Puis, arrivé à la trentaine, il fit la connaissance
d’une femme plus âgée que lui et loin d’être attirante ;
cependant, elle devint sa maîtresse régulière et
accepta, sans chercher à s’immiscer dans la vie privée
de cet amant singulier, une entente limitée à des
relations sexuelles hebdomadaires, d’habitude le
vendredi soir. Ziegler avait toujours considéré le sexe
au même titre qu’une activité physique telle que se
nourrir, dormir, déféquer, et menait sa vie en accord
avec cette déontologie.
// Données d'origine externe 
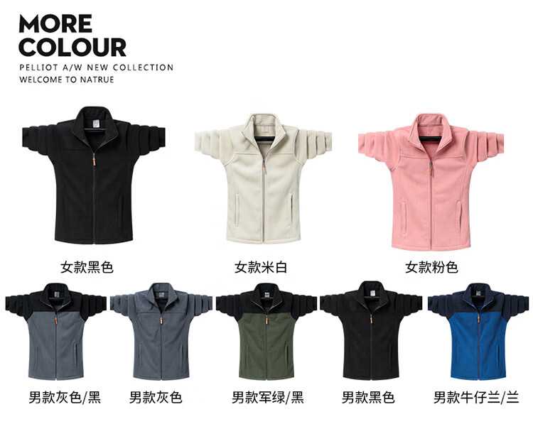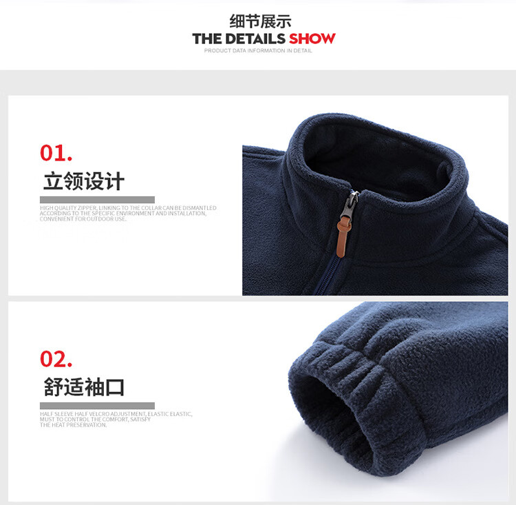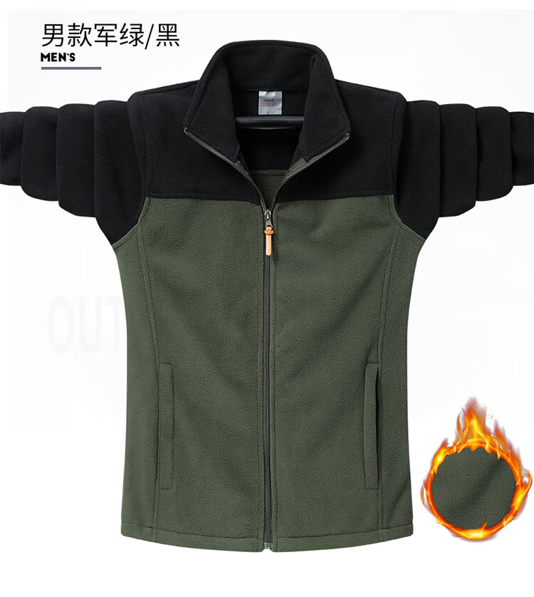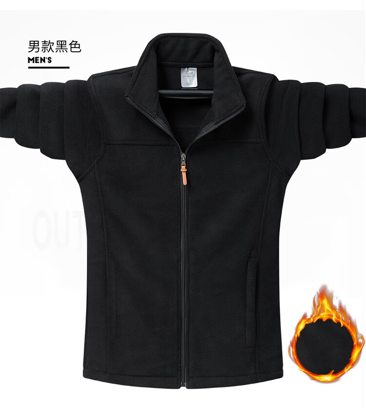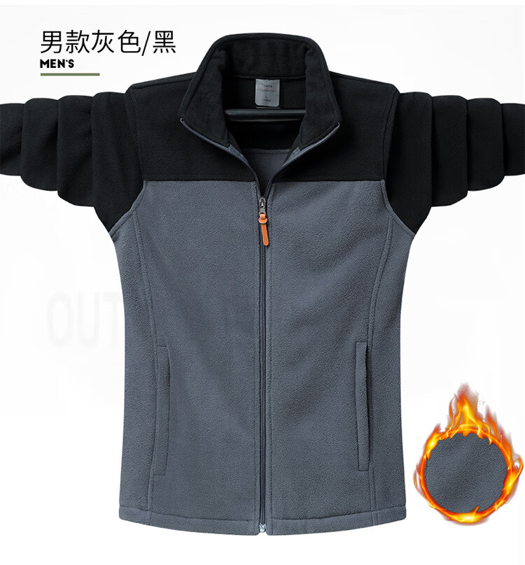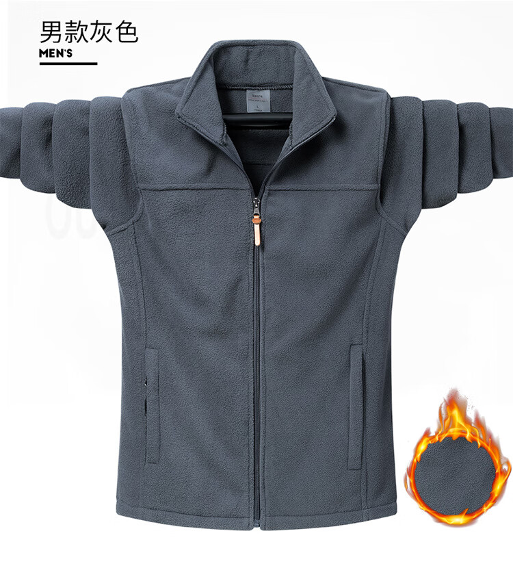 德尔.默克(Delmerk)户外大码抓绒衣男女防寒保暖透气冲锋衣内胆加厚摇粒绒外套 男款-灰色 XXL
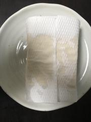 ![]() 木綿豆腐はキッチンペーパーにつつんで、500w1分を2回加熱し水分を飛ばす

Curieusement, cette liaison
privée de couleur et d’émotion, mais d’effet lénitif se
révéla stable et durable à la suite de journées
consacrées aux soins de conflits psychiques le plus
souvent aberrants.
C’était un vendredi et Ziegler avait été débordé de
travail toute la journée. Mme Charikoski, une
richissime cliente d’origine polonaise avait exigé une
séance de deux heures, et devant son refus, avait
proposé de doubler le tarif habituel. Il avait enfin cédé
et pendant deux heures interminables il dut supporter
les diatribes enflammées de sa cliente ainsi que le
récit de nombreuses relations adultérines suivies de
ses multiples repentances. Déjà à mi-séance, il en
avait par-dessus la tête. Si Mme Charikoski pouvait
seulement accepter que son seul attrait résidait dans la
situation sociale et le pouvoir politique de son époux !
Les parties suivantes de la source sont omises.